Small things matter : of phages and antibiotic resistance conferring plasmids

subject

description

Viruses and plasmids are small units of genetic material dependent on cells either transiently or continuously. Intriguingly, stories of these small entities intertwine in antibiotic resistance crisis. Horizontal gene transfer enables bacteria to respond rapidly to chances in their environment. Anthropogenic consumption of antibiotics induces the travel of resistance encoding genes mainly as passengers of conjugative plasmids. In this thesis, I demonstrate that clinically important resistance plasmids could evolutionarily rescue susceptible bacteria under lethal antibiotic concentrations. If mobile resistance genes are available in surrounding community, administration of high doses of antibiotic might not be enough to treat some bacterial infections – calling for alternatives to fight multi-resistant bacteria and interfere the spread and maintenance of resistance. Phage therapy, utilization of bacterial viruses against bacteria, could be one such avenue. In this thesis plasmid-depended phage PRD1 was studied in itself and as a tool to be utilized against resistance plasmid carrying bacteria. Blue native polyacrylamide gel electrophoresis revealed interaction between two virus entry related membrane proteins and zymogram analysis overruled a previous model of the lytic enzyme residing at the genome-packaging vertex. Bacterial resistance to PRD1 was linked with either lost or impaired conjugation ability, that could restore only when the initial resistance-conferring mutation was a dynamic tandem repeat insertion.
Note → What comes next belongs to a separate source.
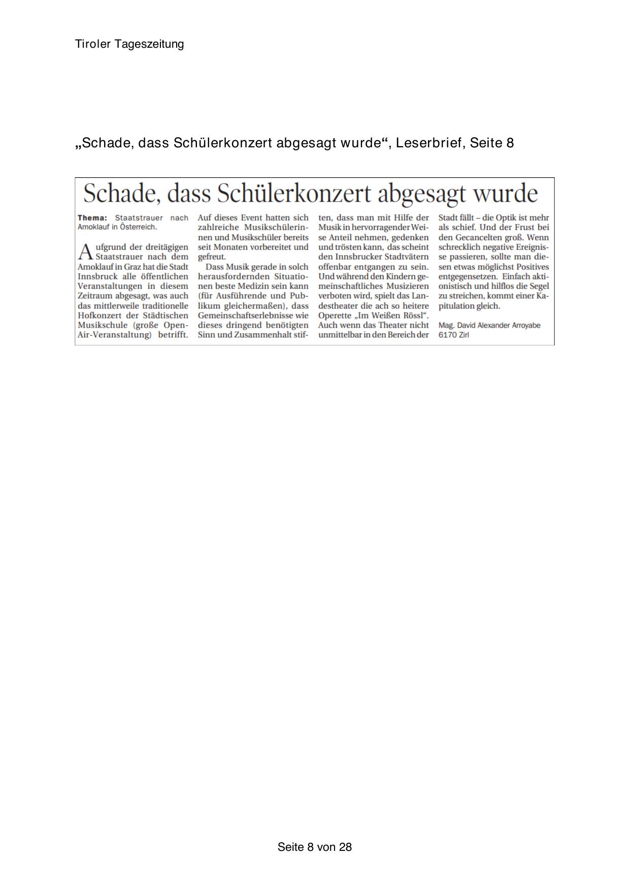 „Schade, dass Schülerkonzert abgesagt wurde“, Leserbrief, Seite 8

Promisingly, the reversion also returned the susceptibility to the phage. Yet, as plasmid-dependent phages are currently available only against some resistance plasmids, an alternative approach, on-demand isolation of phages, was investigated against common nosocomial pathogens. Staphylococcus, Acinetobacter and Enterococcus phages were scarce in the environmental reservoir whereas phages against E. coli, K. pneumoniae, P. aeruginosa and Salmonella strains could often be isolated as needed. Altogether, different manifestations of phage-therapy may provide answers to the current antibiotic resistance crisis.